In the above reaction formula 1, X is halogen, preferably bromine or chlorine, and the definition of other substituents is the same as the above description.

Specifically, the compound represented by the above chemical formula 1 is produced by combining the starting materials SM1 and SM2 by a Suzuki-coupling reaction. Such a bell-wood coupling reaction is preferably carried out in the presence of a palladium catalyst and a base, and the reactive groups used for the above reaction may be appropriately changed. The method for producing the compound represented by chemical formula 1 can be more specifically described in the production examples described below.

(organic light-emitting device)

In another aspect, the present invention provides an organic light emitting device including the compound represented by the above chemical formula 1. As one example, the present invention provides an organic light emitting device, including: a first electrode, a second electrode provided opposite to the first electrode, and 1 or more organic layers provided between the first electrode and the second electrode, wherein 1 or more of the organic layers contains a compound represented by the chemical formula 1.

The organic layer of the organic light-emitting device of the present invention may be formed of a single-layer structure or a multilayer structure in which 2 or more organic layers are stacked. For example, the organic light emitting device of the present invention may have a structure including a hole injection layer, a hole transport layer, an electron suppression layer, a light emitting layer, a hole blocking layer, an electron transport layer, an electron injection layer, and the like as an organic layer. However, the structure of the organic light emitting device is not limited thereto, and may include a smaller number of organic layers.

The organic layer may include a hole injection layer, a hole transport layer, or a layer that performs hole injection and transport simultaneously, and the hole injection layer, the hole transport layer, or the layer that performs hole injection and transport simultaneously may include a compound represented by chemical formula 1.

The organic layer may include a light-emitting layer, and the light-emitting layer may include a compound represented by chemical formula 1.

The organic layer may include an electron injection layer, an electron transport layer, or a layer that performs electron injection and transport at the same time, and the electron injection layer, the electron transport layer, or the layer that performs electron injection and transport at the same time may include the compound represented by chemical formula 1.

In addition, the organic layer may include a hole blocking layer or an electron injection and transport layer, and the hole blocking layer or the electron injection and transport layer may include a compound represented by chemical formula 1.

The organic layer of the organic light-emitting device of the present invention may be formed of a single-layer structure or a multilayer structure in which 2 or more organic layers are stacked. For example, the organic light-emitting device of the present invention may have a structure including, as an organic layer, a hole injection layer and a hole transport layer between the first electrode and the light-emitting layer, and an electron transport layer and an electron injection layer between the light-emitting layer and the second electrode, in addition to the light-emitting layer. However, the structure of the organic light emitting device is not limited thereto, and may include a smaller or larger number of organic layers.

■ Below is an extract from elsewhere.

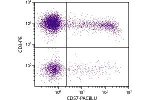 CD57 represents a 100 kDa oligosaccharide antigenic determinant present on a variety of polypeptides, lipids and chondroitan sulfate proteoglycans. It is expressed on 7-35 % of normal peripheral blood lymphocytes, including subsets of NK cells and CD8+ T lymphocytes. The function of CD57 is unknown.

The organic light-emitting device according to the present invention may have a structure (normal type) in which an anode, 1 or more organic layers, and a cathode are sequentially stacked on a substrate in which the first electrode is an anode and the second electrode is a cathode. Further, the organic light emitting device according to the present invention may be an organic light emitting device having a reverse structure (inverted type) in which a cathode, 1 or more organic layers, and an anode are sequentially stacked on a substrate in which the first electrode is a cathode and the second electrode is an anode. For example, a structure of an organic light emitting device according to an embodiment of the present invention is illustrated in fig. 1 and 2.

Fig. 1 illustrates an example of an organic light-emitting device constituted by a substrate 1, an anode 2, a hole transport layer 3, a light-emitting layer 4, an electron injection and transport layer 5, and a cathode 6. In the structure as described above, the compound represented by the above chemical formula 1 may be contained in the above electron injection and transport layer.

In the structure as described above, the compound represented by the above chemical formula 1 may be contained in the above electron injection and transport layer.

The organic light emitting device according to the present invention may be manufactured using materials and methods known in the art, except that 1 or more of the above organic layers include the compound represented by chemical formula 1. In addition, when the organic light emitting device includes a plurality of organic layers, the organic layers may be formed of the same material or different materials.

For example, the organic light emitting device according to the present invention may be manufactured by sequentially stacking a first electrode, an organic layer, and a second electrode on a substrate. This can be manufactured as follows: PVD (physical Vapor Deposition) process such as sputtering (sputtering) or electron beam evaporation (physical vapor deposition) is used to vapor-deposit a metal or a metal oxide having conductivity or an alloy thereof on a substrate to form an anode, then an organic layer including a hole injection layer, a hole transport layer, a light emitting layer, and an electron transport layer is formed on the anode, and then a substance that can be used as a cathode is vapor-deposited on the organic layer. In addition to this method, an organic light-emitting device may be manufactured by sequentially depositing a cathode material, an organic layer, and an anode material on a substrate.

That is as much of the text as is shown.